When you shake down a hive, and you have no where to put the brood, can ya just put it on top with an excluder under it? For instance if you dont have any other hives to put the brood in

reply:

I have heard mostly stories of hardship and failure here. I haven't been in the position of having only one hive so I haven't tried the method myself. But maybe you should not shakedown and add frames of foundation into the broodnest and work the larger combs up and out and the smallest to the center working progressively. This must be done as ealy as possible in the season to key the bees into the sizing , wait to long and the results will be poorer and poorer as the season goes along. Soon as you see a dandelion start getting foundation in. Maybe a week sooner if you are good at time your season.

Clay


----------



## BWrangler (Aug 14, 2002)

Hello Everyone,

I would reduce the hive to one super. Put the brood in the center and replace all other frames with 49 foundation and a feeder if necessary. In my "shakedown" I also left a drone comb partially filled with honey in the hive.

Bees also need the right temperature for drawing foundation.They will do better in a smaller space rather than spread out.

As the bees complete the foundation and put brood in it, rotate the larger stuff towards the edge, the smaller stuff toward the center.
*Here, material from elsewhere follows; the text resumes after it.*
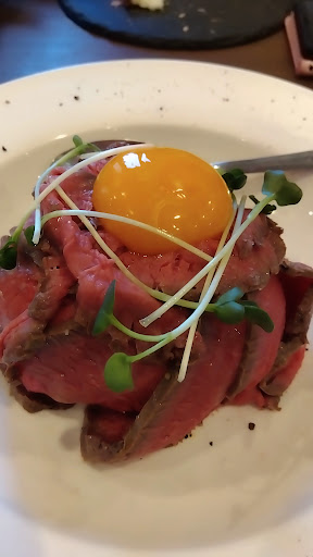 ローストビーフ丼セット。 グレービソースか わさび醤油と選べる。私は前者。 サラダ、スープ、ドリンク、ミニデザート付き。 何もかもが手作りというコンセプトらしい。 香味野菜とオマールエビの冷製スープ。うーん美味い。 サラダ。うーん冷えていて野菜も小さく食べやすい。ドレッシングもいいアクセント。 ブドウジュース。うーんさっぱりして飲みやすくて美味し。 ローストビーフ丼。うーんお肉柔らか臭みもなくしっとり優しい味付け。 ピンクの塩がとっても美味しくてたくさんかけてしまった。 アイス。ピーナッツ?って言ったかな?美味し。 お店のコロナ感染予防もしっかりしており 開店2年で綺麗な店内。 奥にはお座敷もあり。 開店11時オープンであっという間に 4組のお客様。 ...

I could not seperate the brood and the queen in my locality during the early spring as one or the other would perish.

Dennis
In Wyoming where the nights are very cold well into June. The blankets are on our beds 49 weeks of the year!


----------



## Robert Brenchley (Apr 23, 2000)

I've also tried giving the brood back to the same hive and come a cropper. Sometimes it will work, too often it doesn't. You'd be better splitting and waiting a season before you try it. Patience is the thing when it comes to downsizing, take two or three seasons if you need to, and don't try to rush the bees.

------------------
Regards,

Robert Brenchley

[email protected]
Birmingham UK


----------



## hoosierhiver (Feb 27, 2003)

what about putting the queen in a box of 4.9 above the hive with a queen excluder in between,since she moves upward anyway maybe they would be more apt to follow her.


----------



## Michael Bush (Aug 2, 2002)

All of them (workers and queen) are trying to get to the brood nest (drawn comb and brood comb). So the bees will abandon the queen to get to it and the queen will try to get to it also. If you had drawn 4.9mm comb you might succeed, but without it they don't want to go to bare foundation when there is brood.


----------



## clintonbemrose (Oct 23, 2001)

I simply give the brood to another hive that I am not regressing at the time.
Clint


------------------
Clinton Bemrose
just South of Lansing Michigan


----------